On the other hand, the further the out-of-court restructuring efforts evolve, the easier it will be to better assess their likelihood of success. Insofar as the result of the District Court’s decision is not entirely unconvincing, bearing in mind that the process of restructuring was highly complex in this case and that a final success seemed extremely risky when looking at the case law of the District Court and the Higher Regional Court in a similar case.

In any case the District Court sets the hurdle for restructuring lawyers high when it demands for a legally binding agreement by the bondholders at the time the payment is made. The hurdle is too high because this agreement will usually be reached in the last moment when the facts are disclosed to the bondholders as basis for the decision or vote.
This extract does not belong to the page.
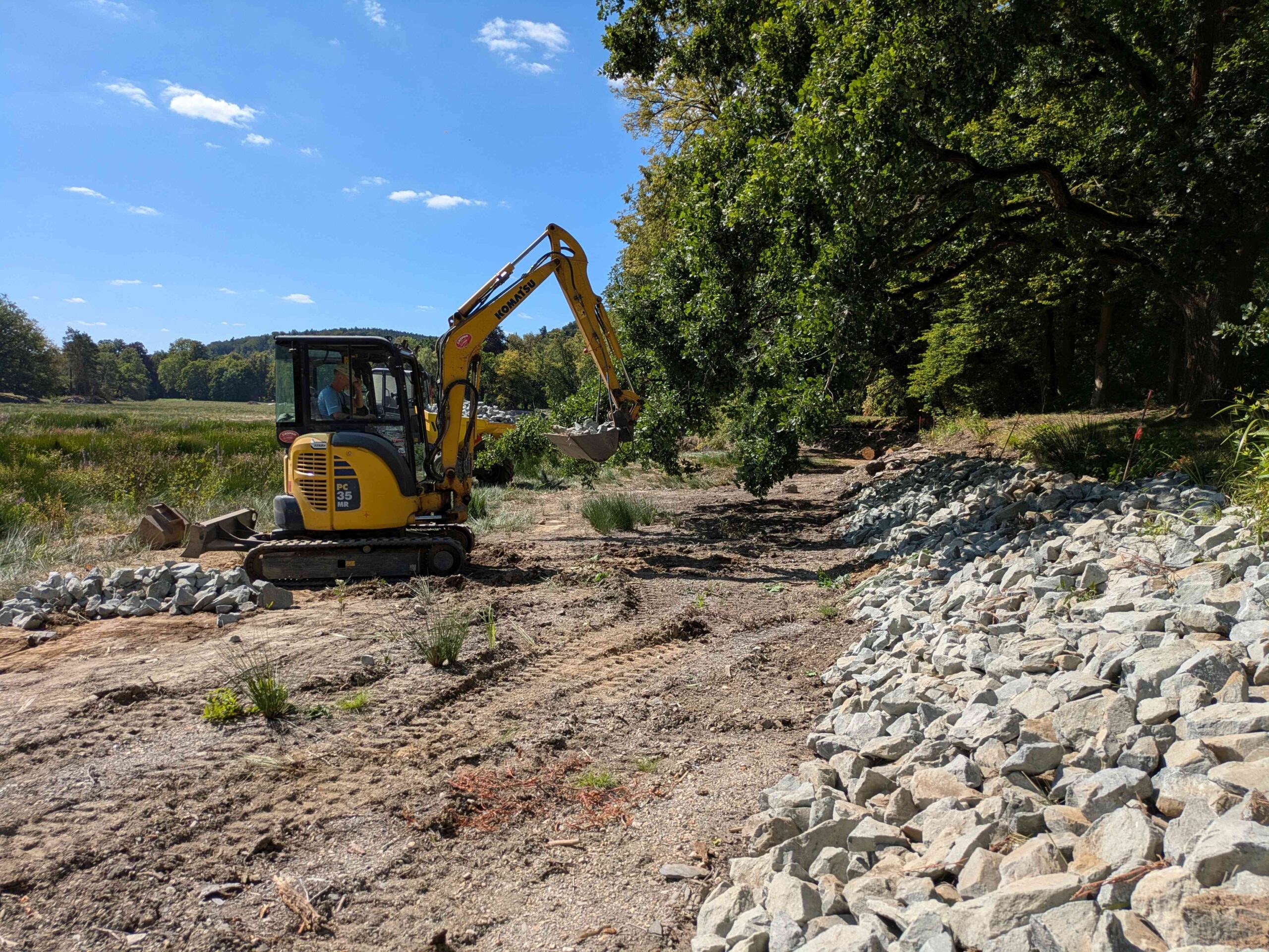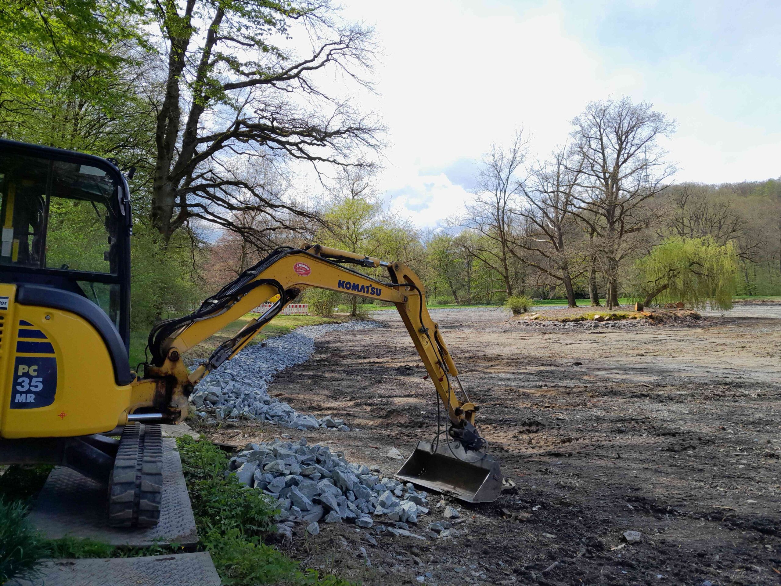 Ende 2024 folgte im nächsten Schritt das Ablassen des Wassers aus dem See, sodass Bagger mit dem Entschlammen der ufernahen Bereiche beginnen konnten. Auch ausgespülte Uferbefestigungen an der Ostseite wurden wieder instandgesetzt. „Die Linienführung der Ufer gehört mit zum Kunstwerk“, erklärt Gartenreferent Hagner die Bedeutung der Ufersanierung. „Die Uferlinien waren mit der Zeit bereits verschwommen, ihr früherer Verlauf war aber noch an den Fußpunkten ablesbar. Die Ufer wurden bei der Anlage des Sees mit einer Steinschüttung befestigt, das Gestein ist jedoch mit der Zeit erodiert. Im Zuge der Ufersanierung haben wir weite Bereiche in Anlehnung an die historische Bauweise neu befestigt.“

Prior to this point in time many bondholders will refuse to accept confidential information since this would render them insiders and exclude them from dealing with the bonds. The District Court leaves open which majority it would have required to accept an agreement of the bondholders and we doubt that this criterion will apply to other cases at all. The decision leaves room for interpretation.

Result and Outlook

It remains to be seen if the Court of Appeal will approve the requirements established by the District Court. The defendants have already announced an appeal to the Frankfurt Higher Regional Court. If the very strict interpretation of the District Court prevails, lawyers would become more reluctant to extrajudicial restructuring and companies will be led into formal insolvency proceedings earlier.

A reasonable balance of interests would be reached if the restructuring defense were modified for lawyers’ fees. A law firm could invoke the restructuring defense as soon as it begins with the evaluation and preparation of a sound restructuring concept. As concept preparation progresses, the concept itself will increasingly need to demonstrate its validity and reasonable prospect of success. As soon as the parties recognize that a sound concept cannot be achieved, the consultants can no longer invoke the objection of restructuring.

Applied to the present case, even the modified definition of the objection of restructuring would probably not lead to a different result because the Frankfurt District Court on 15.11.2011 had already denied the chosen path to an out-of-court restructuring under the German Bondholders Act in a similar case. At this point, the debtor and his consultants should have recognized that the success of a restructuring was doubtful since two of the three bonds could only be modified with unanimous approval.